**Instructions for the task**
Copy out the data from the line containing "le he birlado" to its last line, exactly. No pictures.

**Exercise data**
#####

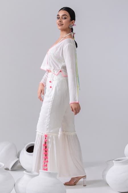 Ivory full sleeve jacket featuring pink thread embroidery and pom pom lace detailing. Paired with a multi-colored thread embroidered bralette and pink tassel ornamented sharara pant.
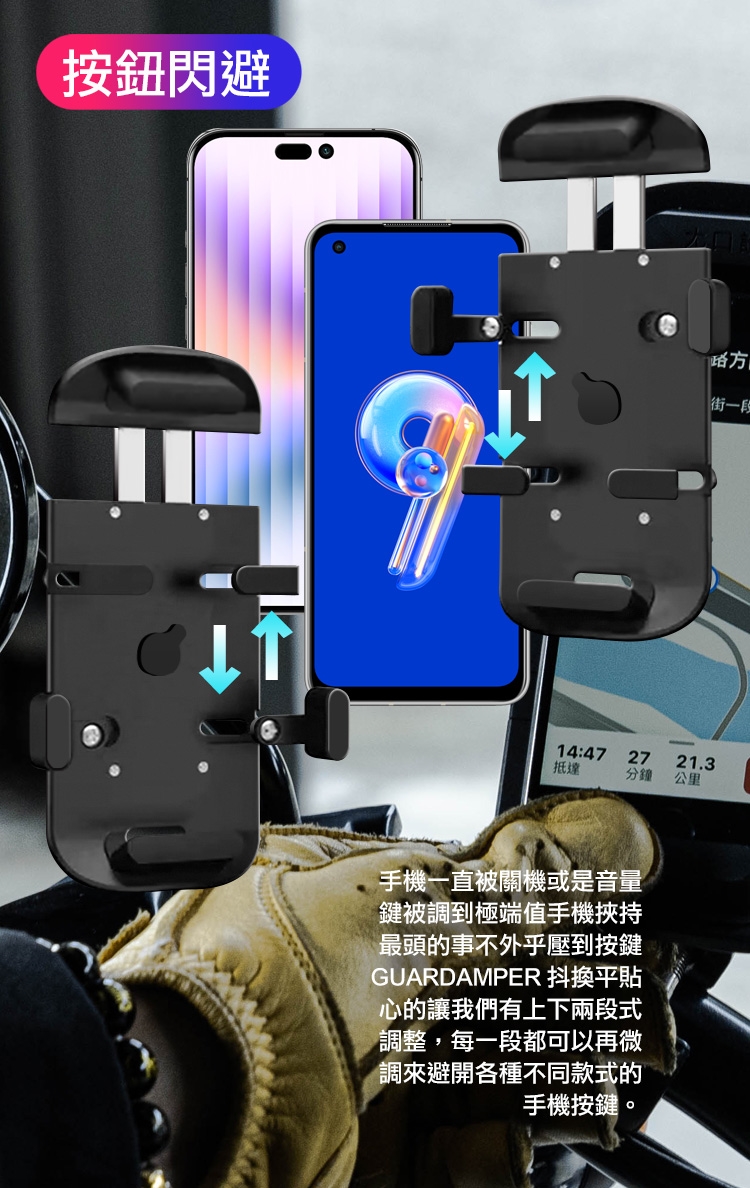 上下兩段式調整,不擋手機側邊按鍵
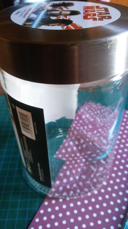 le he birlado el bote del delantal de Star Wars a Jordi, jeje, y lo he tuneado,
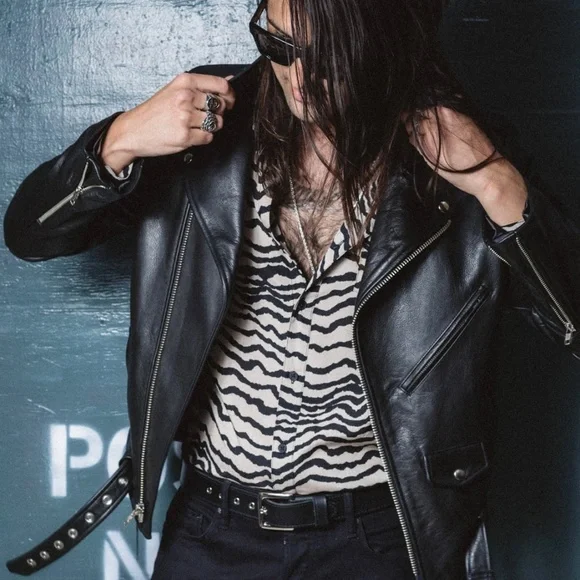 Cowhide leather biker jacket

#####

**Written response**
 le he birlado el bote del delantal de Star Wars a Jordi, jeje, y lo he tuneado,
 Cowhide leather biker jacket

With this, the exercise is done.